-- DATA PROVIDED follows --
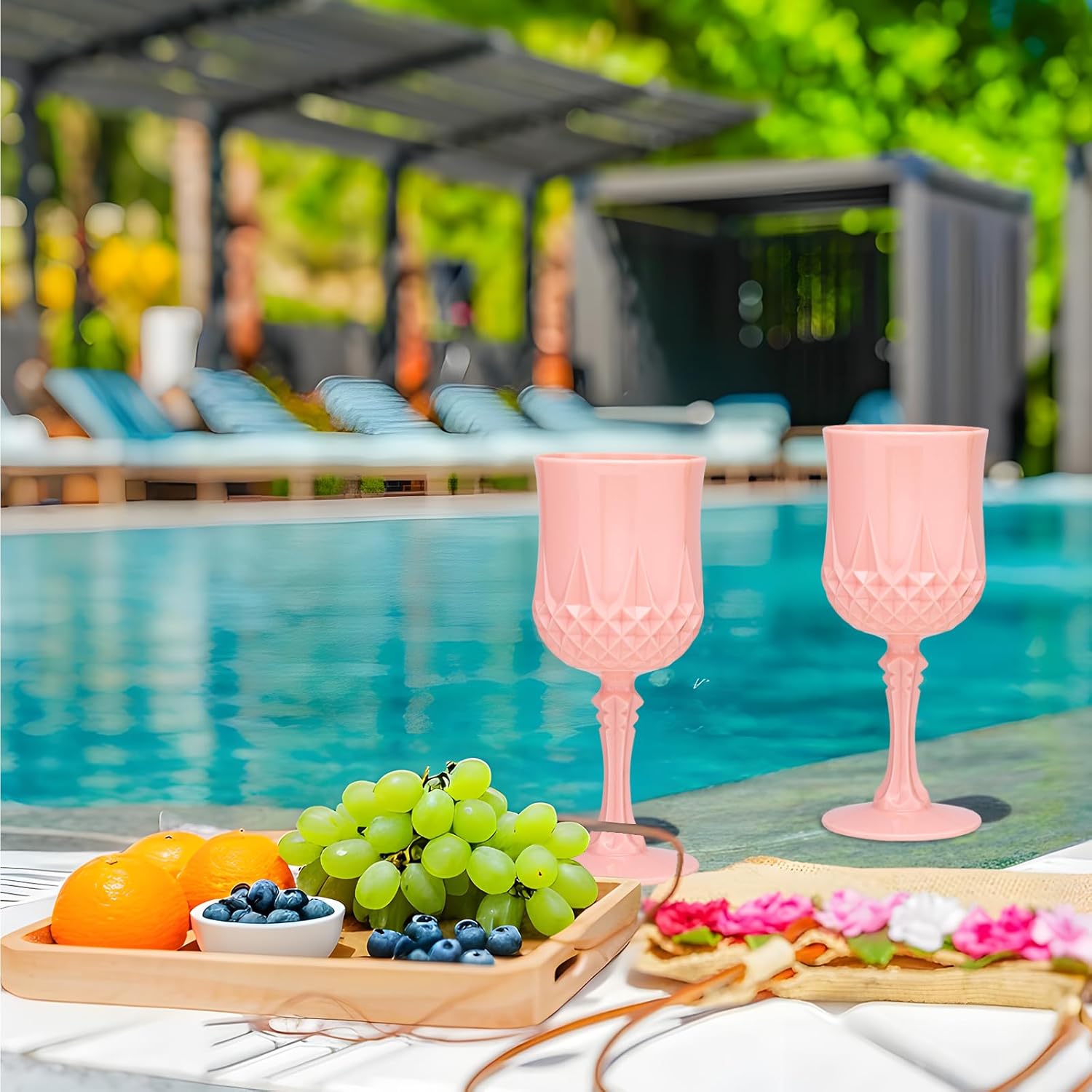 • Vibrant Solid Color Plastic Goblets: Unlike ordinary transparent or sheer-colored plastic wine glasses, our plastic vintage wine glasses drinking glasses feature rich, true solid colors that will not faded or peeled. Plastic goblets with classic diamond - pattern texture show the elegance of vintage crystal.Whether placed under sunlight or party lights, the unbreakable wedding glassware will make your drinks and dining table look more distinctive and stylish.
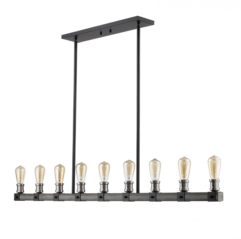 Shine brilliance in a kitchen or dining room with the elongated shape of this nine-light pendant light. The sleek silhouette showcases faux barnwood and barnboard in a distressed ashen hue, complete with industrial exposed lightbulbs.
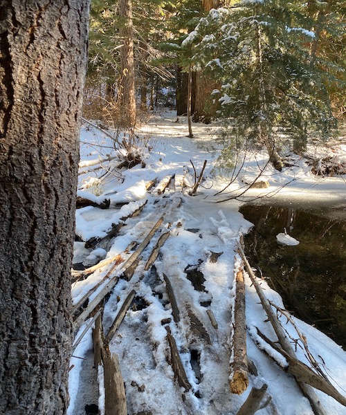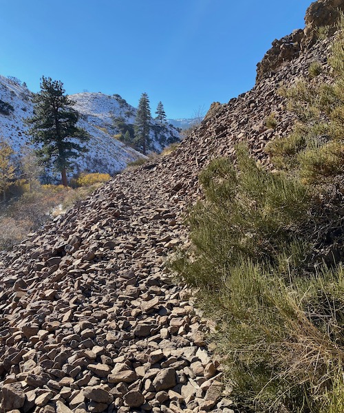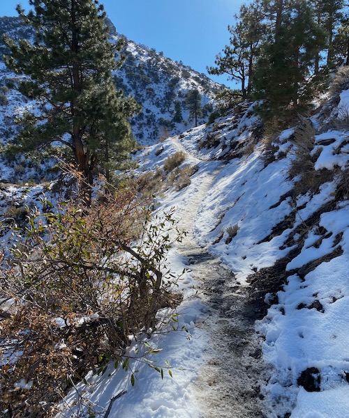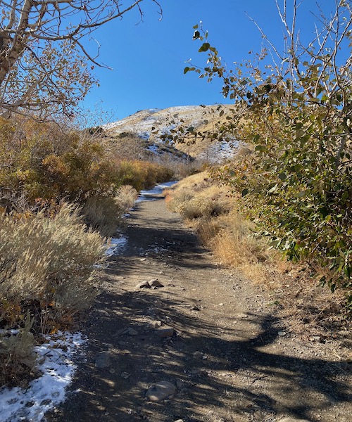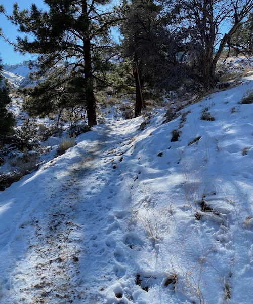 We had a good snow a week ago, so the further up the trail you get, the more snow there is. Mostly on the western slope of the trail. The eastern exposure sees out the canyon to Reno and gets plenty of light. The western exposure is the side of the mountain. Add a few trees for shade, and you have snow cover.
-- DATA PROVIDED concluded --
WORK INSTRUCTIONS:
Everything from the line holding "Shine brilliance in" through the last line of the listing should be written out exactly, except for the pictures.

ANSWER TO THIS EXERCISE:
 Shine brilliance in a kitchen or dining room with the elongated shape of this nine-light pendant light. The sleek silhouette showcases faux barnwood and barnboard in a distressed ashen hue, complete with industrial exposed lightbulbs.
 We had a good snow a week ago, so the further up the trail you get, the more snow there is. Mostly on the western slope of the trail. The eastern exposure sees out the canyon to Reno and gets plenty of light. The western exposure is the side of the mountain. Add a few trees for shade, and you have snow cover.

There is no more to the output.